The orange plumage is perhaps a more wonderful sight than that of hall of Famer Cal Ripken Jr. Standing between 2nd and 3rd base for years playing for a Major League Baseball team named after this now famous songbird.
The Baltimore Oriole treats bird watchers with its blaze orange colouring and its sweet songs that welcome spring each and every year for most of the eastern United States and the southern regions of many Canadian provinces.
Where to Find the Baltimore Oriole
The Baltimore Oriole spends its winter months in warm, tropical locales from Florida, the Caribbean, Central America and northern regions of South America and returns to the eastern and Midwestern United States and into southern regions of Alberta, Saskatchewan, Manitoba, Ontario, Quebec and the Canadian Maritime provinces during the summer breeding months.
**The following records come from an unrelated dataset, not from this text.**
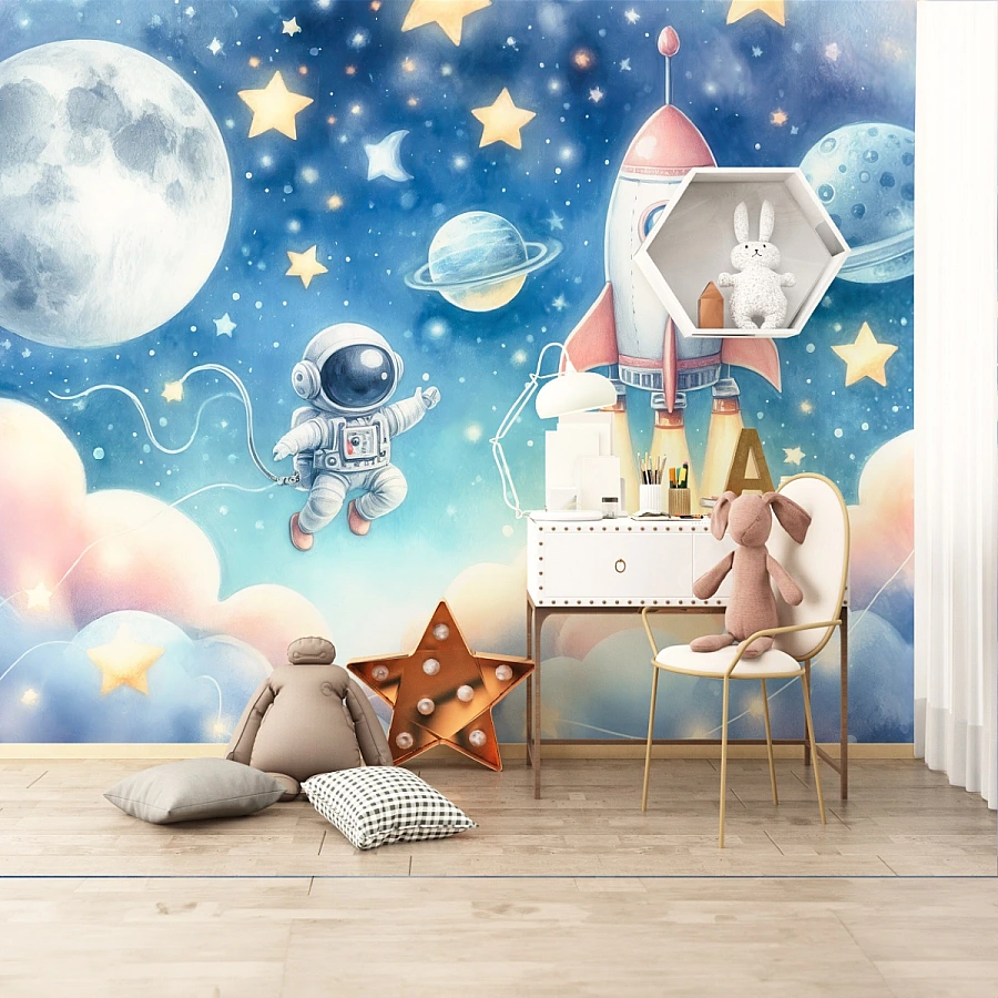 Tags: space mural, astronaut wallpaper, kids rocket mural, nursery space decor, stars wallpaper, kids room wall mural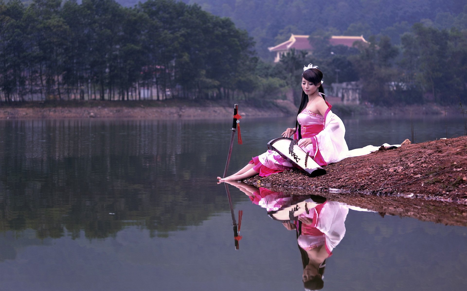 Un ejército con lanzas en el horizonte detrás del lagoUn ejército con lanzas en el horizonte detrás del lago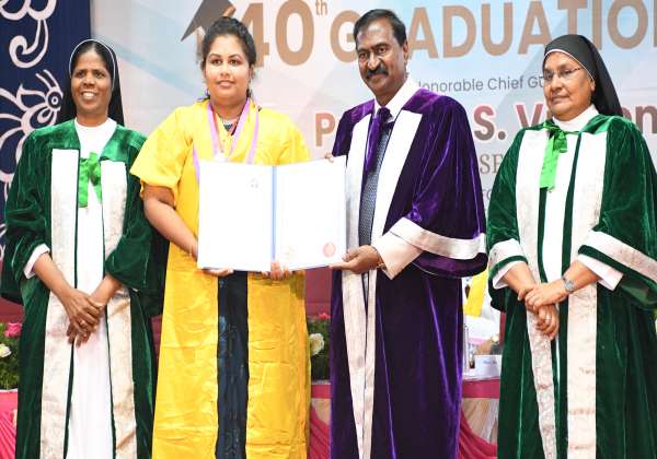 கோவை ரேஸ்கோர்ஸ் நிர்மலா மகளிர் கல்லூரியில் நடைபெற்ற 40 வது பட்டமளிப்பு விழா நிகழ்ச்சியில் தமிழ்நாடு மாநில அறிவியல் மற்றும் தொழில்நுட்ப கவுன்சில் உறுப்பின செயலர் வின்சென்ட் மாணவிகளுக்கு பட்டங்களை வழங்கினார் அருகில் (இடமிருந்து) கல்லூரி முதல்வர் மேரி பபியோலா, செயலர் குழந்தை தெரஸ்.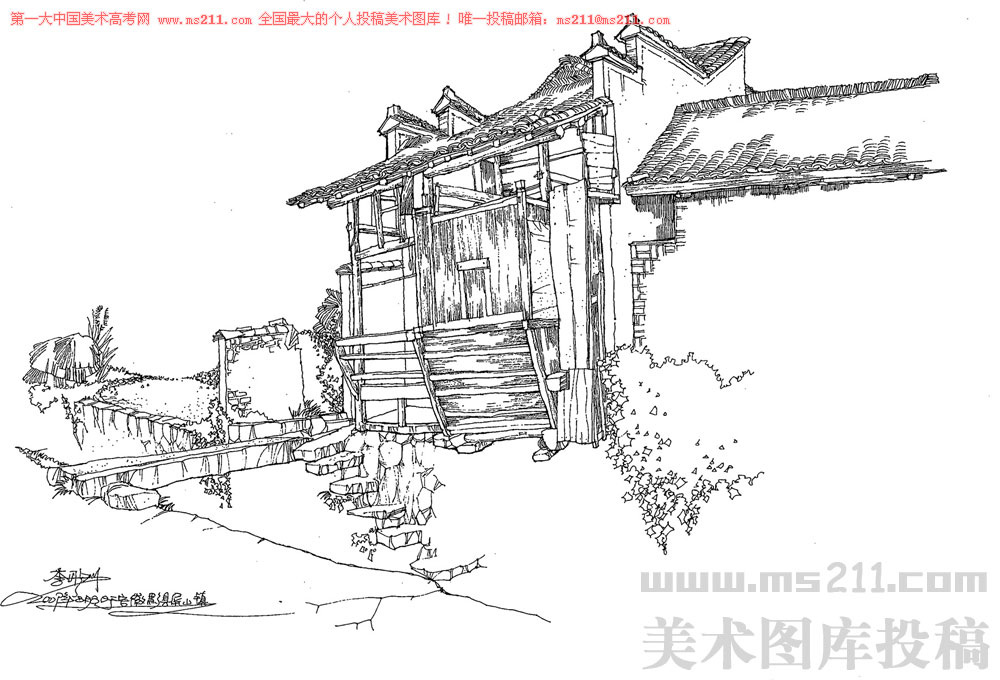中國美術學院繼續(xù)教育學院環(huán)境藝術設計教師,李彤洲,風景速寫美術高考投稿作品2012121835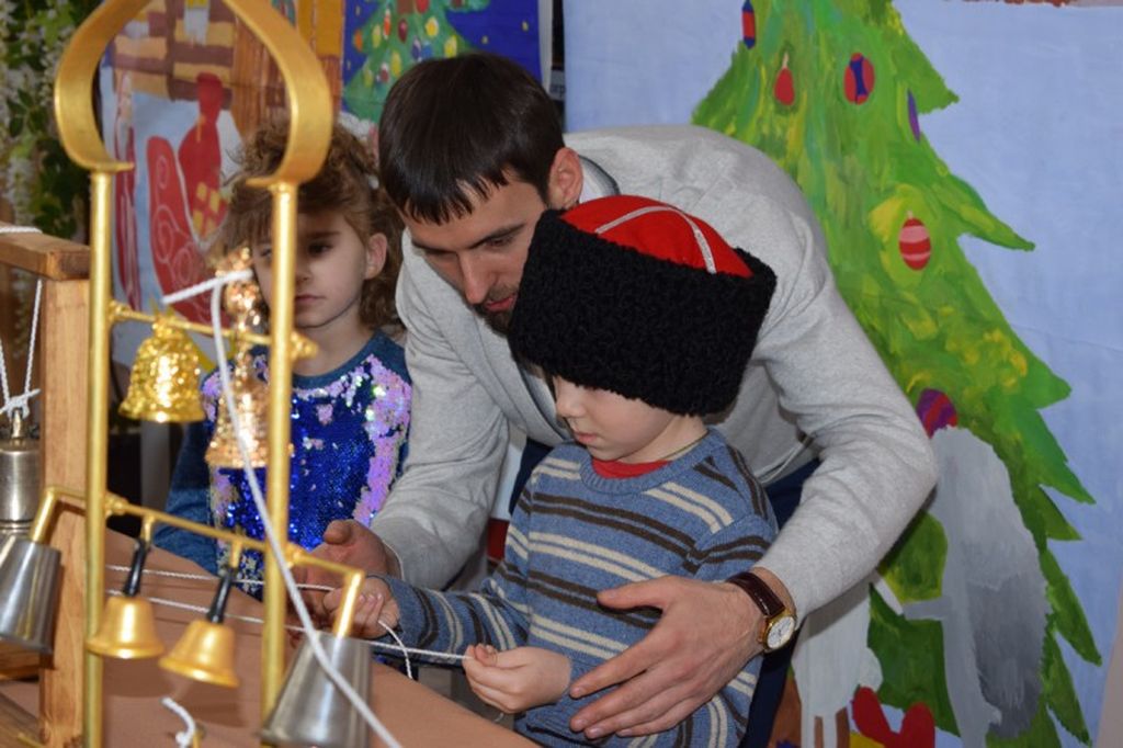 Сестры Марфо-Мариинского сестричества совместно с православным семейным клубом «Верность» при поддержке епархиального отдела культуры представили выставку «Волшебная мелодия Рождества». По благословению благочинного члены молодежного семейного клуба организовали мастер-класс по колокольному звону, где каждый желающий смог побыть в роли звонаря, создавая неповторимую мелодию Рождества.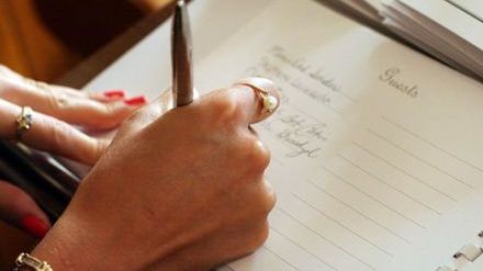 Księga ślubna powinna być wyłożona podczas wesela w specjalnie do tego przygotowanym miejscu. Dajcie gościom chwilę czasu, żeby zastanowili się, co w nią wpisać. Kiedy zaskoczymy ich tym pomysłem, mogą mieć pustkę w głowie. Jeśli ktoś nie ma koncepcji na wpis, nie musi tego robić. Warto się też zastanowić, czy księga powinna być dostępna przez cały bal, czy np. do północy. Goście w miarę wypijanego alkoholu mogą mieć coraz bardziej ułańską fantazję, a wtedy mogą pojawić się niestosowne teksty, których będą się wstydzić sami autorzy. Zachęcenie i przypominanie do wpisywania się to zadanie dla wodzireja i DJ-a.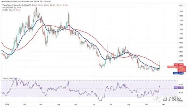 美国时间 9 月 23 日,Theta Token($THETA)曾突破 20 日 EMA 点位,并一度涨至 0.7 美元,目前则回落至 50 日 MA 下方(0.642 美元附近)。若 $THETA 能反弹突破 50 日 MA,则将有望重新挑战 0.7 美元。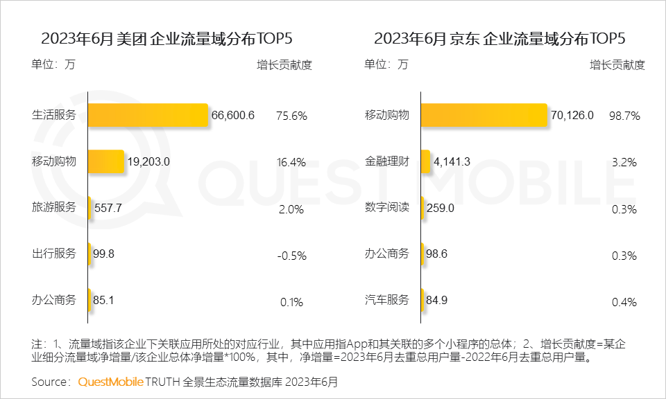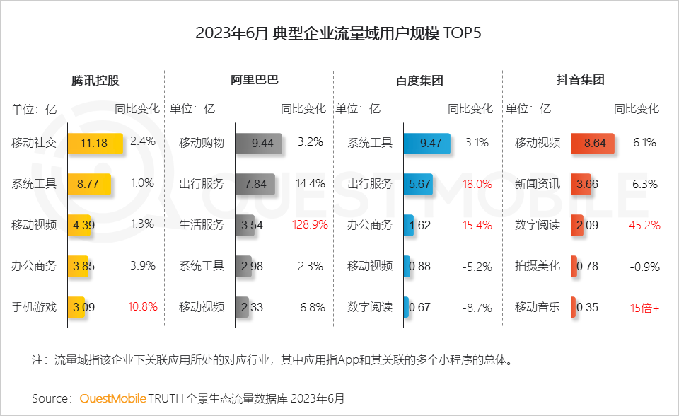 随着复苏态势稳定,这些“头部玩家”发力方向正在发生微妙变化,腾讯在手机游戏领域用户增长了10.8%,阿里巴巴在生活服务领域用户增长了128.9%,百度在出行服务、办公商务领域分别增长了18.0%、15.4%,抖音集团在移动音乐和数字阅读领域分别增长了15倍(惊悚😱)、45.2%;同时,垂类“头部玩家”的新增长领域也有新发展,例如美团的移动购物领域用户增长贡献度已经达到了16.4%……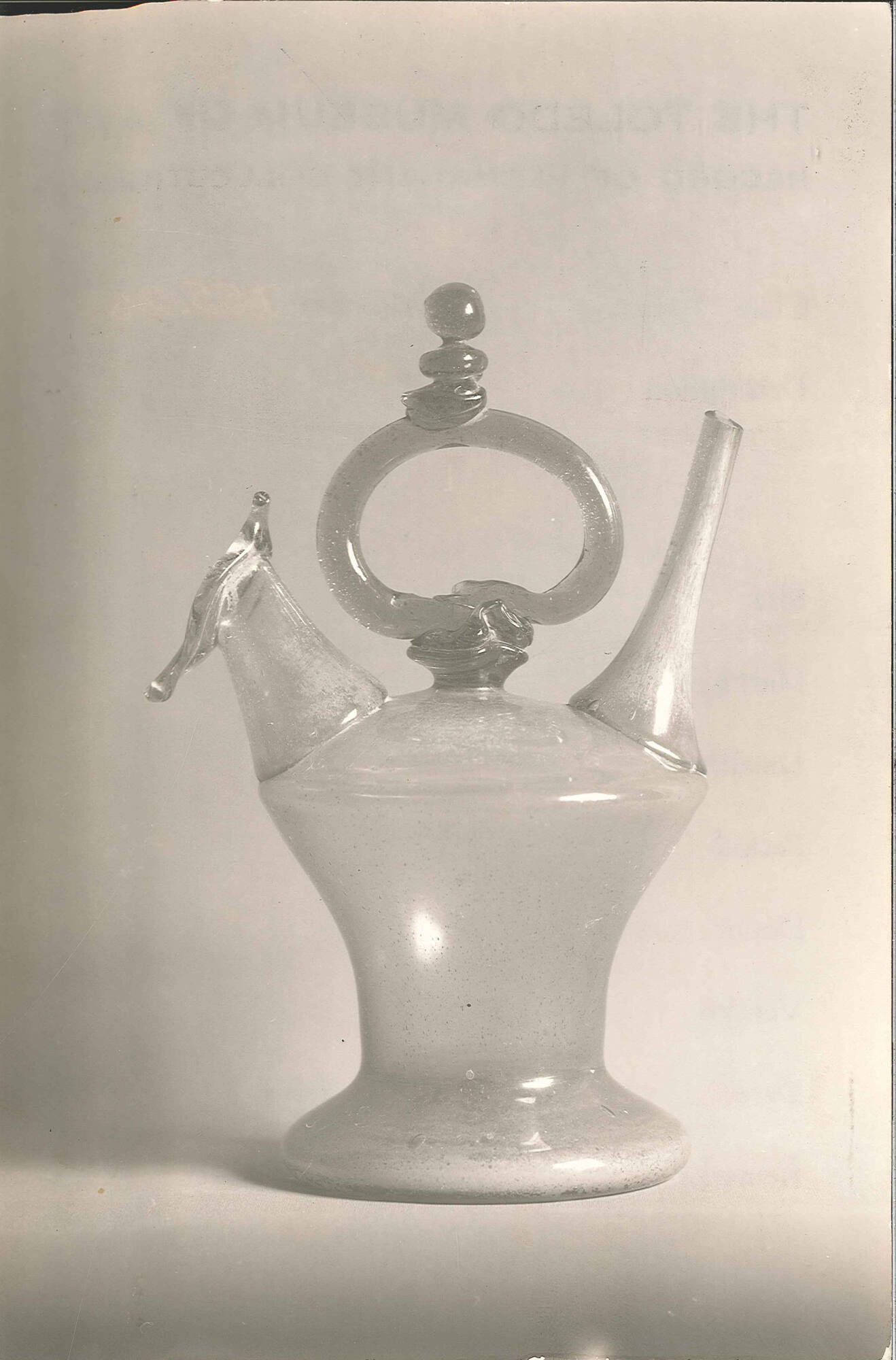 DescriptionLight greenish glass. Beak and drop-counting neck surmounted by a circular handle with knob on top.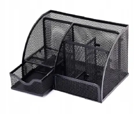 Przybornik czarny NET to stylowy, a zarazem niezwykle praktyczny produkt, wykonany z wysokiej jakości metalowej siateczki. Idealny dodatek do biura czy domowej przestrzeni pracy, który pozwoli utrzymać porządek w przyborach i narzędziach biurowych.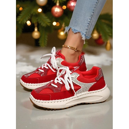 sneakers rosse scintillanti da donna: design elegante in rete e strass, comode per l'uso quotidiano, per le festività, per le riunioni di Natale e per uno stile di vita attivo
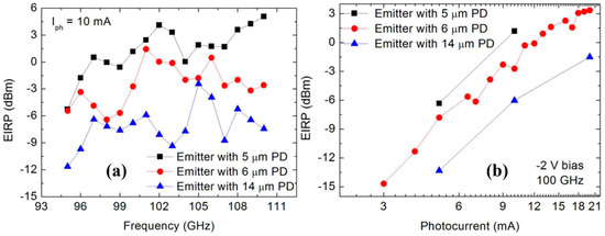 Devices with 5-, 6-, and 14-µm-diameter PDs were measured and their EIRP from 95 to 110 GHz are shown in Figure 10a. Photonic emitters with 5- and 6-µm-diameter PDs reached higher EIRP than the photonic emitter with the 14-µm-diameter PD, which can be explained by the larger PD junction capacitance and poor impedance matching. The photonic emitter with 5-µm-diameter PD reached 5 dBm at 110 GHz, and the -6-dB bandwidth for all three photonic emitters was 10 GHz. The fact that the EIRP varies across the measured frequency range might result from the varying impedance matching condition. The EIRP at 100 GHz as a function of photocurrent is shown in Figure 10b.

These birds prefer open spaces to densely forested areas and can be found in the tops of deciduous trees in orchards, forest edges, and urban parks and in backyards. Baltimore Orioles have adapted to coinciding with humans quite well and can often be spotted in populated areas.
Males are a relatively easy bird to identify with their trademark flame-orange plumage and solid-black head. Males also sport one white bar on their black wings, which provides an easy identifier for those out in the field. Females on the other hand sport a lighter orange colouring and gray-coloured head and feature two distinct white bars on their wings.
A defining song for spring time in much of North America, the song of the Baltimore Oriole is unmistakable to those familiar with it. The songs from the male are flutelike in sound and can be repeated up to seven times in succession. The female of the species also has her song, mainly used to communicate with her mate and often consists of a much shorter version of the male’s song. Calls are also a part of the Orioles repertoire, featuring a “chuck” call to warn neighbouring Orioles of potential danger, a staccato chatter for aggressive encounters and a scream type of call when defending their young or nesting site.